Growing up in the megacity of São Paulo, Brazil, and deciding to move here for my studies was one of the most important decisions I’ve made so far. Little did I know how much my reality would change. How much I would change.
When I look back, I think I would no longer recognise the girl who packed her things and decided to try her luck in a new country. The first year was hard. Very hard.
Things changed again when, in my second year, I had a break from Switzerland while doing a one-year exchange in the US. I got to know a new version of myself.
When flying back to Switzerland to complete my last year of the Bachelor, I made myself I promise. I would give Switzerland another chance. I would change and try harder to adapt.

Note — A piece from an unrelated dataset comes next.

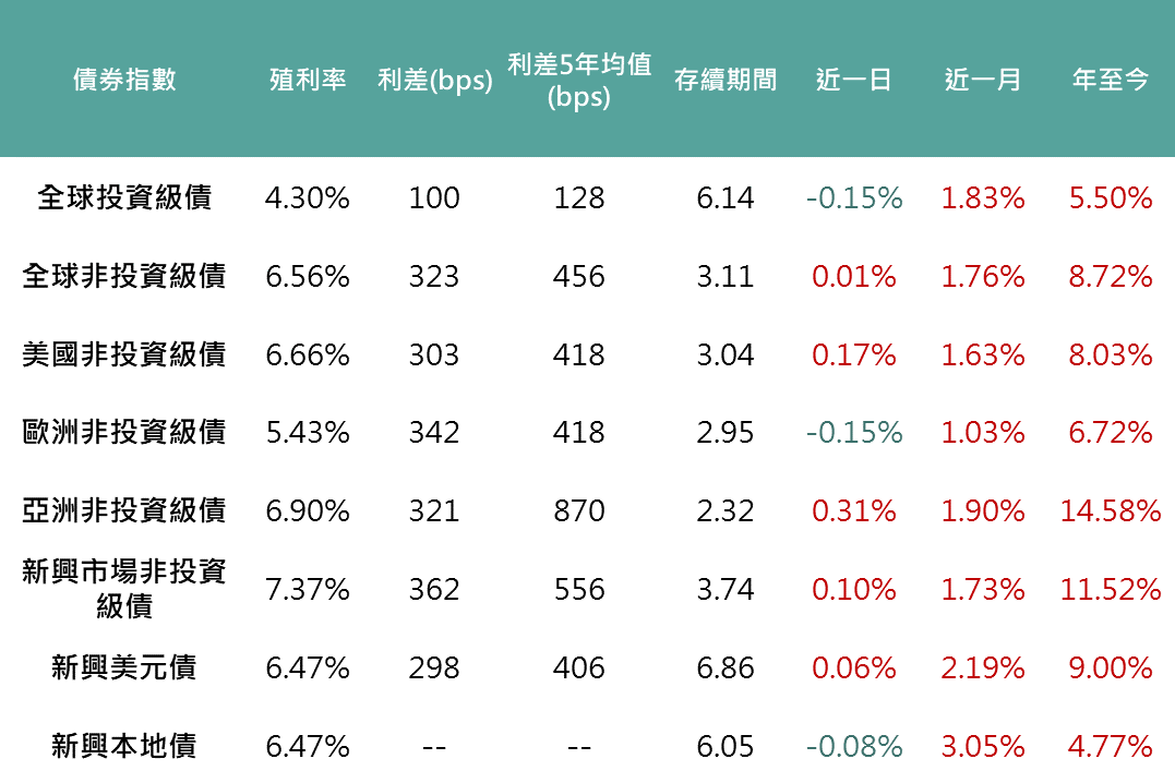 昨日Fed主席鮑威爾釋出的談話澆熄市場對下次會議降息兩碼的期待,根據FedWatch數據顯示,降息兩碼的機率從53.3%下降至35.4%,促各天期美債殖利率上揚。而各債種價格隨美國經濟有望軟著陸支持下,債券利差多數收斂,支持多數債券報酬走揚。

It worked. I adapted. I made new friends. I learned how to navigate in this new environment.
I graduated while finally feeling like I somehow belonged here. I had constructed a place to call home.
This, too, has changed.
I’ve left jobs and started new ones. I went travelling for months but ended up coming back and beginning once more.
I studied again. Left a long relationship and a home we had constructed together to try something new once more. I‘ve fallen and stood up again repeatedly…Constantly getting out of the comfort zone and discovering new paths. New versions of self.
The last 1,5 years as a Hotel Nomad haven’t been any different. A newly created reality. But this one… on steroids.
It’s like everything I lived until now has acted as training.
The next change/shift? I have plans; I have ideas. But if I’ve learned something, the path will lead to places sometimes not before imaginable.
Nowadays, that acts as a spark inside. Those goosebumps of not knowing what’s coming next and being open to the possibilities ahead. I can feel change is on its way. I’m just not so sure yet, precisely where the path will lead.
Looking back on all that has happened in the past 12 years, I wonder where (or who) will I be in the following 12.
It’s just like being under (constant) construction.